Voorwaarden erkenning leerbedrijven
De motie van het lid Van Baarle verzoekt de regering te bezien of het aanscherpen,
dan wel expliciteren, van de voorwaarden voor erkenning van stagebedrijven wat betreft
het tegengaan van stagediscriminatie bijdraagt aan de bestrijding hiervan.18 Leerbedrijven worden door SBB erkend op basis van het wettelijk vastgestelde Erkenningsreglement.
In het Erkenningsreglement is bepaald dat elke student veilig en gezond moet kunnen
werken op zijn of haar stageplek. Dat betekent ook dat er geen sprake mag zijn van
discriminatie. SBB hanteert diverse indicatoren voor erkenning ten aanzien van het
onderwerp veiligheid. Het (leer)bedrijf moet optreden tegen elke vorm van ongepast
gedrag, zoals discriminatie, intimidatie, agressie en pesten. Als SBB signalen of
klachten over stagediscriminatie ontvangt, dan doet SBB onafhankelijk onderzoek bij
het leerwerkbedrijf, met zorgvuldige hoor en wederhoor. Hierbij worden dan ook de
betrokken school en de student bevraagd. Indien discriminatie aantoonbaar wordt vastgesteld,
dan trekt SBB de erkenning van het leerbedrijf in. In dat geval mag het bedrijf geen
stageplaatsen of leerbanen meer aanbieden aan mbo-studenten.
In het wetsvoorstel «Toezicht gelijke kansen bij werving en selectie» wordt ook ingegaan
op het tegengaan van discriminatie bij de werving en selectie van stagiaires. Het
wetsvoorstel is in december 2020 naar de Kamer verstuurd (Kamerstuk 35 673). Bedrijven krijgen daarmee de wettelijke verplichting om beleid te voeren, gericht
op het bevorderen van gelijke kansen bij werving en selectie. Dit geldt ook voor de
werving en selectie van stagiaires. Na het aftreden van het kabinet is dit wetsvoorstel
controversieel verklaard.
Voorlichting studenten
De motie van het lid Van Baarle verzoekt de regering te bewerkstelligen dat iedere
leerling op de hoogte wordt gebracht van het bestaan van het meldpunt stagediscriminatie
en het nut van melden.19 Het is van belang dat studenten een melding doen van stagediscriminatie, als zij
vermoeden dat zij worden gediscrimineerd. Docenten of andere onderwijsprofessionals
kunnen dan het gesprek voeren met het leerbedrijf over (het voorkomen van) discriminatie.

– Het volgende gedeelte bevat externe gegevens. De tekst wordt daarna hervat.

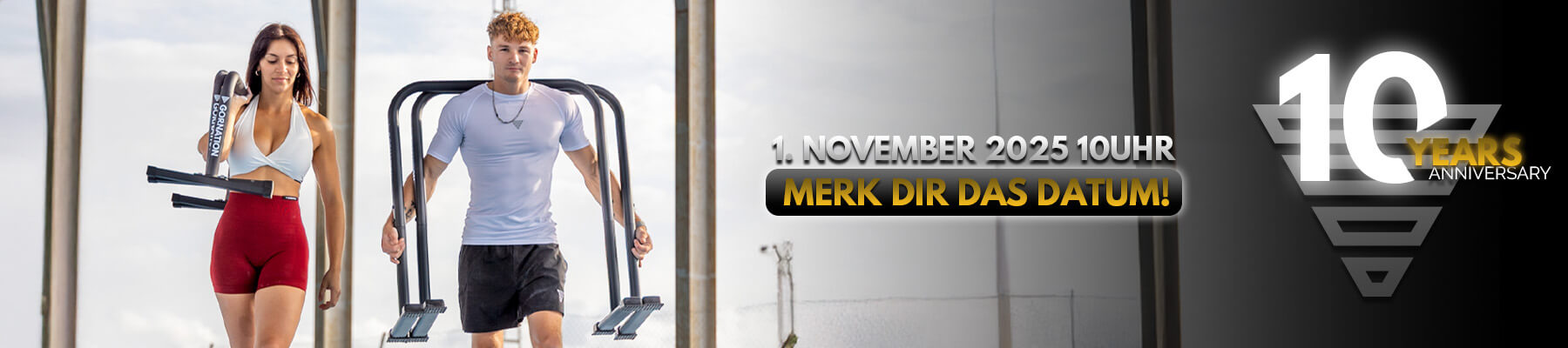 Ja! Zum 10-jährigen Jubiläum von GORNATION erwarten dich exklusive Angebote ab einem Einkaufswert von 50 €, inklusive kostenloser Anniversary Armbänder und einem kostenlosen Calisthenics Wandkalender 2026.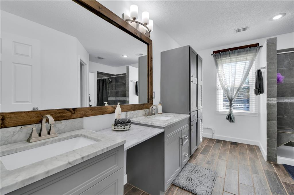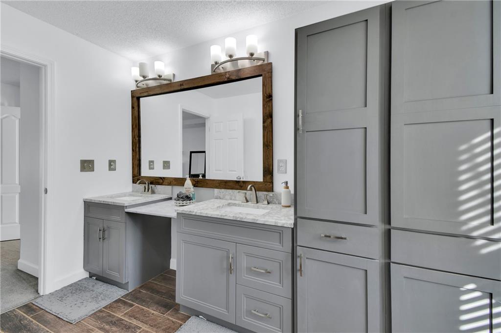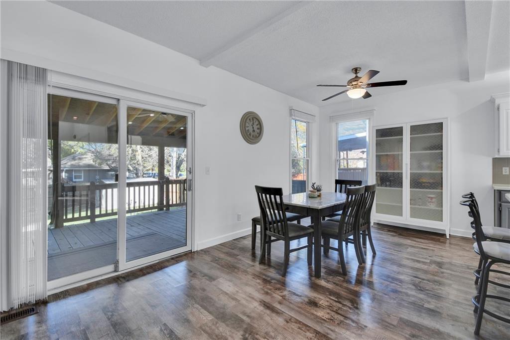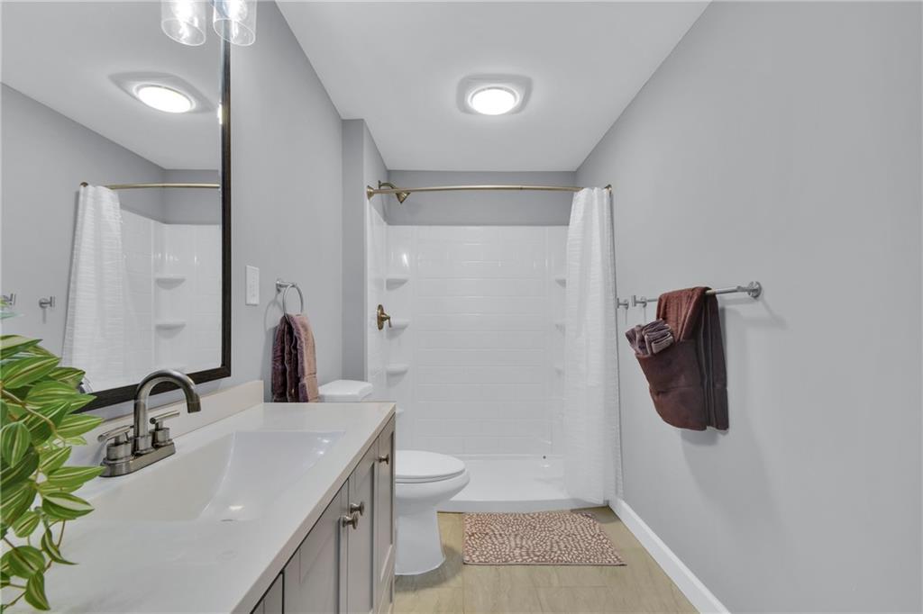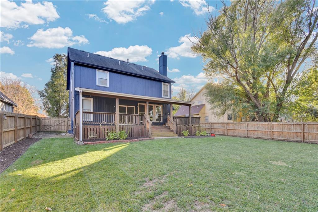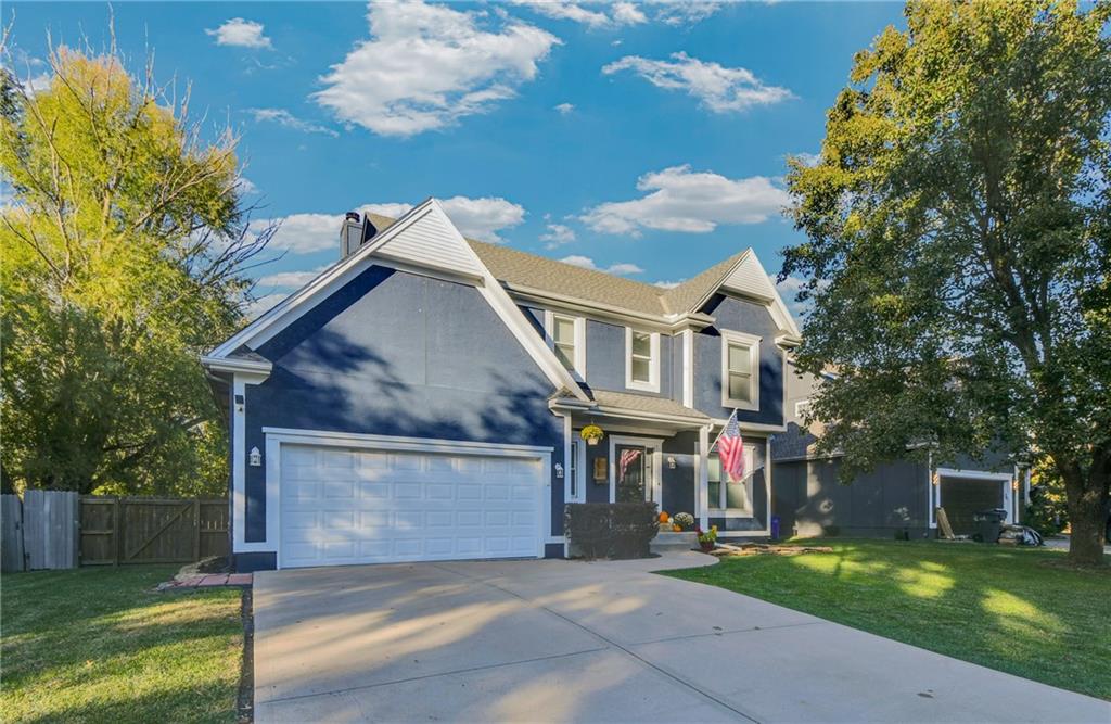 Beautifully Updated Home in Award-Winning Olathe Schools! Stunning curb appeal and timeless charm welcome you to this immaculate 2-story home, ideally located in the highly sought-after Olathe School District just behind Chisholm Trail Middle School and near Sunnyside Elementary, with quick access to Garmin HQ, highways, restaurants, and shops. Step inside to a freshly painted bright white interior that feels modern and inviting. The open floor plan features newer luxury vinyl plank flooring throughout the main level, seamlessly connecting the spacious living room, dining area, and kitchen. The kitchen offers ample and bright cabinets, plenty of counter space, and newer appliances perfect for everyday living and entertaining. The living room greats you with a cozy fireplace and large windows overlooking the covered back deck and beautifully maintained backyard, ideal for outdoor gatherings or quiet evenings. Upstairs, the light-filled primary suite includes double vanities, a walk-in shower, and a generous walk-in closet. The basement is complete with a full bathroom, adding versatile living space perfect for a family room, gym, or home office. With its prime location, stylish updates, and welcoming neighborhood, this home is truly move-in ready!

Onderwijsprofessionals worden gestimuleerd om signalen van studenten op te pakken
en het gesprek te voeren met studenten over stagediscriminatie en het melden ervan.
Door stagediscriminatie te melden kan een student desgewenst ook passende hulp en
ondersteuning ontvangen. Het kan studenten enorm helpen als ervaringen van discriminatie
worden erkend. Ook helpt het melden van discriminatie andere studenten doordat er
meer inzicht komt in de problematiek en gerichter aan oplossingen kan worden gewerkt.
Met de campagne #KIESMIJ wordt meer aandacht gevraagd voor de problematiek. Het doel
van de campagne is om het bewustzijn rondom discriminatie te bevorderen en stagediscriminatie
bespreekbaar te maken. Op het platform kiesmij.nl kunnen studenten, scholen en werkgevers
terecht voor hulp bij het tegengaan en voorkomen van stagediscriminatie. Hierbij is
onder andere aangegeven waar en hoe studenten een melding kunnen doen van stagediscriminatie.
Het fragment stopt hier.